Higher standards for dog passes
Cheers erupted in the courtroom of the county administration building on Monday evening after resolutions were passed setting human standards for housing and tying dogs.
The two resolutions did not both pass by a vote at the Warren County committee meeting last month and many animal rights activists who were in attendance to support the resolutions were disappointed. This time it was different. Both resolutions were passed this time, but some changes were made. The committee first voted on the sheltering resolution.
“Basically on dog shelter, I’m going to read the resolution, but you’ll notice one main difference is that we’ve removed the crawl space area,” Commissioner Blaine Wilcher said.
In the failure of the previous resolution, crawl spaces were specifically considered inadequate shelter, but now a crawl space can be considered adequate if it meets the other requirements. Adequate shelter is defined as a closed shelter house with three sides, a roof and a storey with adequate shelter.
Shelters made from easily degradable materials are not considered adequate, nor are shelters with chain link floors. An automobile or the shade or coverage provided by it is also inadequate.
Another change to the resolution is the length of time a dog can be tethered without adequate shelter. Previously, a dog was only allowed to go out without shelter without shelter for eight hours, and now a dog is allowed to go out without adequate shelter for no more than 10 hours in a 24 hour period.
The resolution was adopted on 19-4.
The Commissioners who voted for the resolution were Carl E. Bouldin, Carlene Brown, David Dunlap, Randy England, Deborah Evans, Steve Glenn, Steven Helton, Robert Hennessee, Brad Hillis, Ron Lee, Gary Martin, Daniel Owens, Kasey Owens, Christy Ross, Tommy Savage, Tyrone Sparkman, Joseph Stotts, Phillip Stout and Blaine Wilcher.
The commissioners who voted against the resolution were Michael Bell, Carl D. Bouldin, Scott Rubley and Cole Taylor. Commissioner Gary Prater was absent.
Commissioners approved the updated resolution to then establish humane tethering standards for dogs and this sparked more discussion.
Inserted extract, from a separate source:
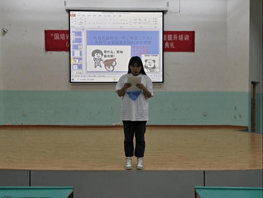 首先,同学们对观看的时代楷模事迹纪录片的感想进行了认真的讨论,大家分享了对劳动楷模的敬佩和对劳动的深刻认识,一些同学积极上台向大家展示自己的感想和体会。通过这一环节,同学们更加深刻地意识到了劳动的重要意义以及我们作为高校大学生该肩负的责任。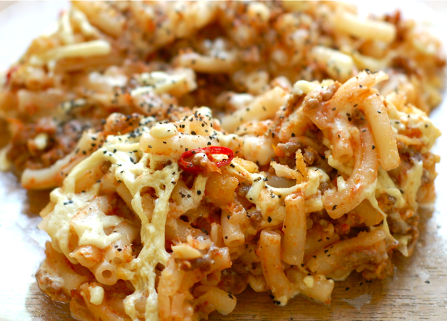 4 cups or so of cooked Kraft Dinner macaroni noodles, substitute with good pasta if you want.

“You will notice that two things have been removed, the estrous cycle and the sections less than 6 months old have been removed,” Wilcher said.
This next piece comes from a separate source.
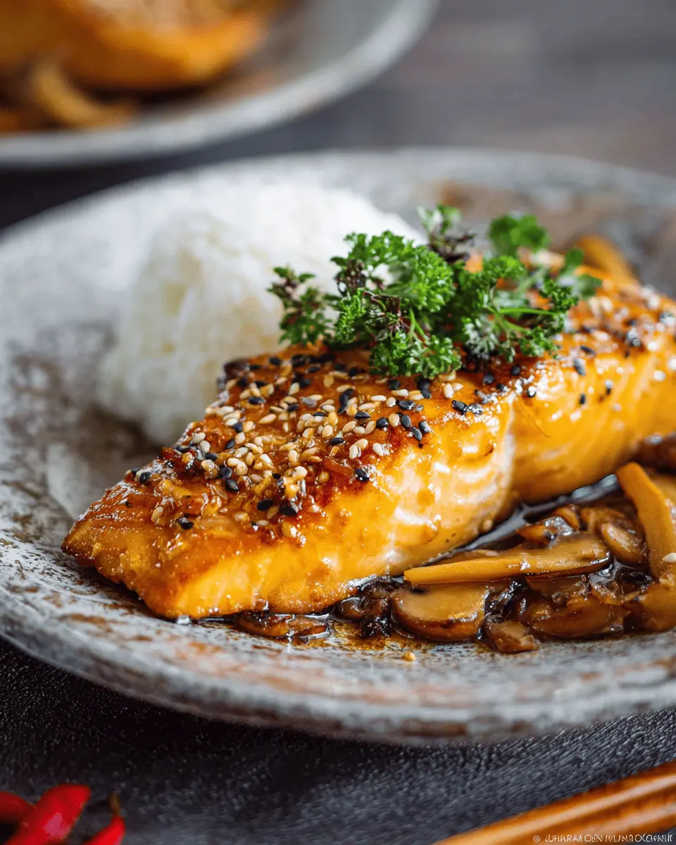 Once everything is perfectly cooked, transfer your delectable salmon and mushrooms to a plate, and don’t forget to garnish with freshly chopped chives and toasted sesame seeds. There you have it—a stunning dish that's both impressive and easy to prepare!

The other change to the resolution was to change the maximum tether weight from 10% to 20% of the dog’s weight. The resolution also states that the tether must be attached to a properly fitted collar or harness and must have swivels at both ends. No logging chain or tow chain should be used as a tie-down, and no pinch, prong, or choke type clamps are permitted and no tie-downs shall be less than 10 feet in length.
“I was going to keep it quiet, but I hope Animal Control – and I think it will pass – but I hope they realize that all these pictures that are plastered on the Internet are not pretty. images at $ 50, “said Commissioner Savage. “These are hard criminal cases and if our animal control runs into a case like this they have to back off and let the real police in because they are not equipped to handle something like this and could really. be hurt. “
Commissioner Evans responded to his comments and said it was a civil resolution and that there are state animal abuse laws that are criminal acts and Animal Control will not attempt to handle these cases on their own. Commissioner Hillis asked if Wilcher could clarify the resolution because a lot of people think it says people can’t tie their dogs at all.
“This is not a resolution against tethering. I know there is an article that says an animal should not be tethered for more than 10 hours unless it has adequate shelter and a lot of people think that it says they can’t be tied up for more than 10 hours. If you read this resolution, if they have adequate shelter, they can be tied up 24/7, “Wilcher said.
This resolution was also adopted 19-4, with the commissioners voting in the same way as on the previous resolution. Wilcher was happy that both resolutions were passed.